Sound propagation in air is accurately described by a small perturbation of the ambient pressure away from a quiescent state. This is the realm of linear acoustics, where the propagation of a time-harmonic wave can be modeled using the Helmholtz equation. When the wavelength is small relative to the size of a scattering obstacle, techniques from geometric optics are applicable. Geometric methods such as raytracing are often used for computational room acoustics simulations in situations where the geometry of the built environment is sufficiently complicated. At the same time, the high-frequency approximation of the Helmholtz equation is described by two partial differential equations: the eikonal equation, whose solution gives the first arrival time of a geometric acoustics/optics wavefront as a field; and a transport equation, the solution of which describes the amplitude of that wavefield. Phenomena related to high-frequency acoustic diffraction are frequently omitted from these models because of their complexity. These phenomena can be modeled using a high-frequency diffraction theory, such as the uniform theory of diffraction. Despite their shortcomings, geometric methods for room acoustics provide a useful trade-off between realism and computational efficiency.

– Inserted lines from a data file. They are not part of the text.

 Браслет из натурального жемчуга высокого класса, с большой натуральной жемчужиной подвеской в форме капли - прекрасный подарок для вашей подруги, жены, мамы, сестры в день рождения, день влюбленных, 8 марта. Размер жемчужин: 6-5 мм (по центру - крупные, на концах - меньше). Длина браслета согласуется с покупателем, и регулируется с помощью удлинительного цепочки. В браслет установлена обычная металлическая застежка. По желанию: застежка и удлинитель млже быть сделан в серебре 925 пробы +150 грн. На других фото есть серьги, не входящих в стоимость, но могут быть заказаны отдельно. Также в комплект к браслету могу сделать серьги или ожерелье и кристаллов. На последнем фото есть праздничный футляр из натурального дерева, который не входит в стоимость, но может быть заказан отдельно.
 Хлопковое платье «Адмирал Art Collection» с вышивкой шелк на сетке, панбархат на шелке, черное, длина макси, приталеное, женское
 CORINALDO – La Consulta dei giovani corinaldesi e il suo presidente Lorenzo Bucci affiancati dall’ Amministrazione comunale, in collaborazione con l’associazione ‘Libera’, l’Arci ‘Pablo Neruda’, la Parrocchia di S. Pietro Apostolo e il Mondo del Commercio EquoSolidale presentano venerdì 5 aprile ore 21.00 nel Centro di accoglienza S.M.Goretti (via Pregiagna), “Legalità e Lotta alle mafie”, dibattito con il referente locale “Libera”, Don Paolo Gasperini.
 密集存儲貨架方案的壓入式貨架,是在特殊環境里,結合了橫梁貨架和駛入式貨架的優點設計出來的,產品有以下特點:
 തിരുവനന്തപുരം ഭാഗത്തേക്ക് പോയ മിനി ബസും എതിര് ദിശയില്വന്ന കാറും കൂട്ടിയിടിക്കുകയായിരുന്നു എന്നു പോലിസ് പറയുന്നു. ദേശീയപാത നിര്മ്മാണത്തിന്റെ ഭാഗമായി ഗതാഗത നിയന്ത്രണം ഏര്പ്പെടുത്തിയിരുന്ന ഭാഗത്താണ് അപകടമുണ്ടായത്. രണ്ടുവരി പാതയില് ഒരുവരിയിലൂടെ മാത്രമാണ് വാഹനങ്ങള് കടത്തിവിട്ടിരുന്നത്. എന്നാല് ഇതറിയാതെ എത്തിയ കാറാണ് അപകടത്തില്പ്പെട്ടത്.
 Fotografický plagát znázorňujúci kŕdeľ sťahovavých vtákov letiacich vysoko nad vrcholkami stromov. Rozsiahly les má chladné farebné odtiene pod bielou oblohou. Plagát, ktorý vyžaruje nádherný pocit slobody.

Motivated by the limitations of geometric methods, we approach the problem of geometric acoustics using numerical methods for solving partial differential equations. Our focus is offline sound propagation in a high-frequency regime where directly solving the wave or Helmholtz equations is infeasible. To this end, we conduct a broad-based survey of semi-Lagrangian solvers for the eikonal equation, which make the local ray information of the solution explicit. We develop efficient, first-order solvers for the eikonal equation in 3D, called ordered line integral methods (OLIMs). The OLIMs provide intuition about how to design work-efficient semi-Lagrangian eikonal solvers, but their first order accuracy is not sufficient to compute the amplitude consistently. Motivated by the requirements of sound propagation simulations, we develop higher-order semi-Lagrangian eikonal solvers which we term jet marching methods (JMMs). JMMs augment the efficiency of OLIMs by additionally transporting higher-order derivative information of the eikonal in a causal fashion, which allows for high-order solution of the eikonal equation using compact stencils. We use the information made available locally by our JMMs to use paraxial raytracing to simultaneously solve the transport equation yielding the amplitude. We initially develop a JMM which handles a smoothly varying speed of sound on a regular grid in 2D. Motivated by the requirements of room acoustics applications, we develop a second-order JMM for solving the eikonal equation on a tetrahedron mesh for a constant speed of sound as a special case. As before, we use paraxial raytracing to compute the amplitude. Additionally, we compute multiple arrivals by reinitializing the eikonal equation on reflecting walls and diffracting edges. To compute these scattered fields, we devise algorithms which allow us to apply reflection and diffraction boundary conditions for the eikonal and amplitude. For the amplitude, we construct algorithms that allow us to apply the uniform theory of diffraction in a semi-Lagrangian setting efficiently.